Gizmo2 first impressions

17Oct15

The kind folk at Newark Element14 sent me a Gizmo2 dev board to try out. I’ve not been able to do much with it yet, so here are some first impressions.

What is it?

I’d completely missed the first generation Gizmo, and hadn’t heard of the new one until it was brought up by Brandon at Element14. It’s an x86 single board PC packing an AMD GX210HA dual core CPU running at 1GHz with 1GB of DDR3 RAM on board.

It’s about the same size as the board in a small form factor (SFF) PC such as a NUC or Brix, but comes without any case.

Connectivity is pretty comprehensive with 2 USB2, 2 USB3, RJ45 Gigabit Ethernet, HDMI, 3.5mm audio in/out and microSD. There’s also an mSATA/mini PCIe port and headers for JTAG and SPI.

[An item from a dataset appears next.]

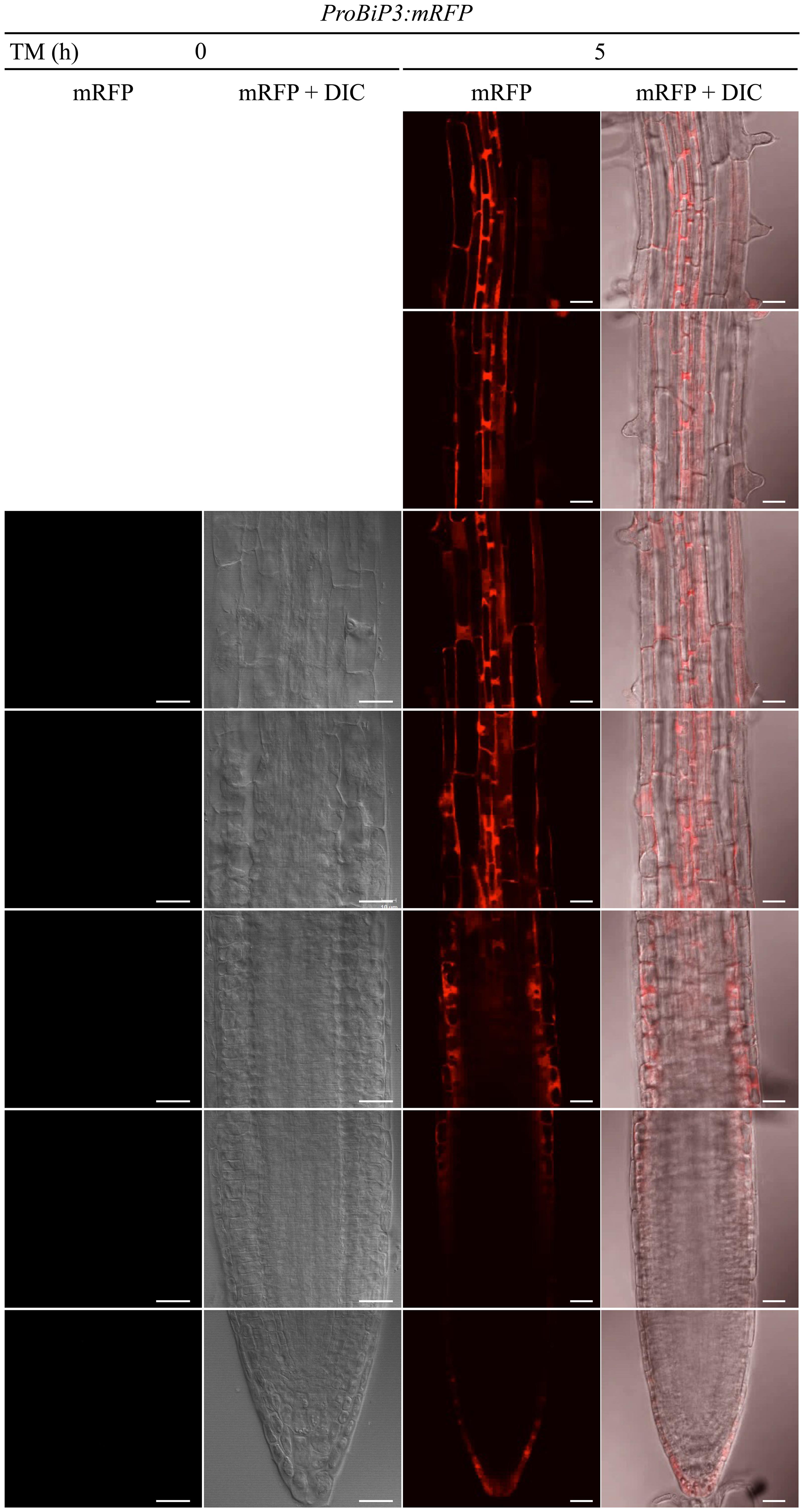 FIGURE S3 | Spatiotemporal ER stress response in Arabidopsis roots. Observation of the ProBiP3:mRFP signal in roots of 7-day-old seedlings treated with 5 μg/ml TM for the time indicated. Merged images of mRFP fluorescence and DIC are shown. The fluorescent images were provided at the left side of each merged image. Scale bars, 10 μm.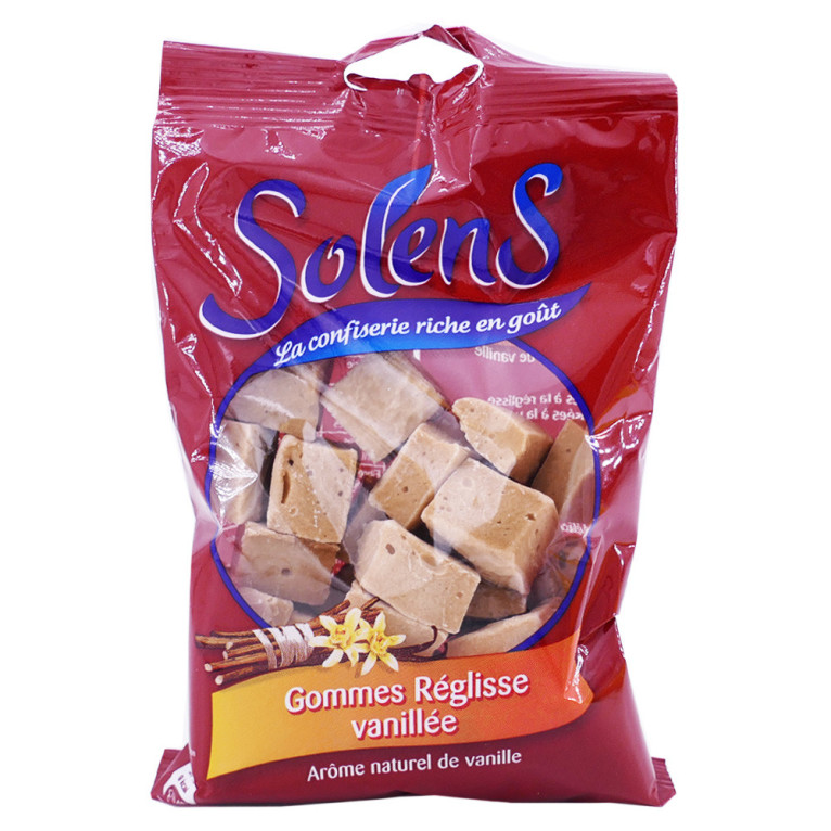 SOLENS GOMMES REGLISSE VANILLEE 100G est disponible en vente en ligne à prix discount sur Pharmashopdiscount.

The thing that differentiates this board from other SFF PCs is the pair of edge connectors along one side. One is described as ‘low speed’ and carries USB2, 8 GPIOs, 2 PWMs, 2 Counters and SPI. The other is described as ‘high speed’ and carries Display Port, 2 PCIe X1, SATA and 2 USB2.

What’s in the box?

Gizmo2box

The board comes with a 4GB microSD card that can be booted up into Linux along with some demo apps. A 12v power supply with a US plug is included along with a travel adaptor kit that let me use it with my UK sockets. There’s also a handy getting started guide.

Why won’t it boot up?

I plugged in my USB keyboard and mouse, monitor, network and power, pressed the power button, and nothing happened.

After confirming that the power supply was pushing out 12v (with a handy strip of 5050 RGB LEDs) I was starting to fear a dead on arrival board. Had UPS done something terrible to cause the hole in the shipping box and actually managed to damage the board inside?

It turned out that the culprit was my Matias Quiet Pro USB keyboard. As soon as I unplugged it some LEDs lit up on the Gizmo2. After swapping over to an Anker wireless USB keyboard I was off to the races and able to boot up. It seems that the Gizmo2 is even worse than the original Raspberry Pi (which the Matias keyboard works fine with) at supplying juice to USB peripherals.

Demo environment

Once booted from the supplied microSD card the system brings up a ‘Timesys’ application launcher that I can only describe as dreadful – it shows you a bunch of icons, but you can only select them by clicking on left/right arrows (not the icons themselves).

Big Buck Bunny is supplied as a video demo in 1080p (H.264) and can also be watched from the bundled XBMC player (not the more recent Kodi). It’s also possible to escape to a fairly vanila Xfce desktop, and from there launch a terminal to get a root BusyBox shell.

Niggles

It’s noisy – the CPU is a 9W part, which isn’t a huge amount of power, but sufficient to rule out pure passive cooling. It’s a shame that the fan is so loud, as it pretty much ruins any ideas I might have had for using the Gizmo2 as a media player. I’m still going to try out getting OpenELEC onto it, but even if it can handle the VC1 MKVs that make my Raspberry Pi choke up I can’t see the Gizmo2 displacing my much quieter Gigabyte Brix.

I’ve had a right struggle getting the USB dongle for my keyboard out of the USB2 ports – they’re way too grippy.

The fuse behind the power adaptor looks like it’s pretty much designed to break off.

There’s onboard SATA, but no actual connector for it unless you solder one on yourself. I’ve also read about people having compatibility problems with some mSATA drives (and having to unsolder a resistor to get them working)

I’d rather have the GPIOs on header pins than an edge connector.

I can see the USB current draw issue I hit with the keyboard being problematic for DVB adaptors and other things. The Raspberry Pi people (and community) learned about this stuff the hard way, and it’s a shame that Gizmosphere didn’t pick up on that lesson and put in a beefy enough power system.

Next steps

I’ve read a few accounts of people running Kodi on the Gizmo2, including some excellent analysis of media streaming performance, but since I’ve done a bunch of stuff with OpenELEC on the Raspberry Pi I’m going to take a swing at getting that working on the Gizmo2. I’ll also take a look at what’s involved in getting Ubuntu running on it.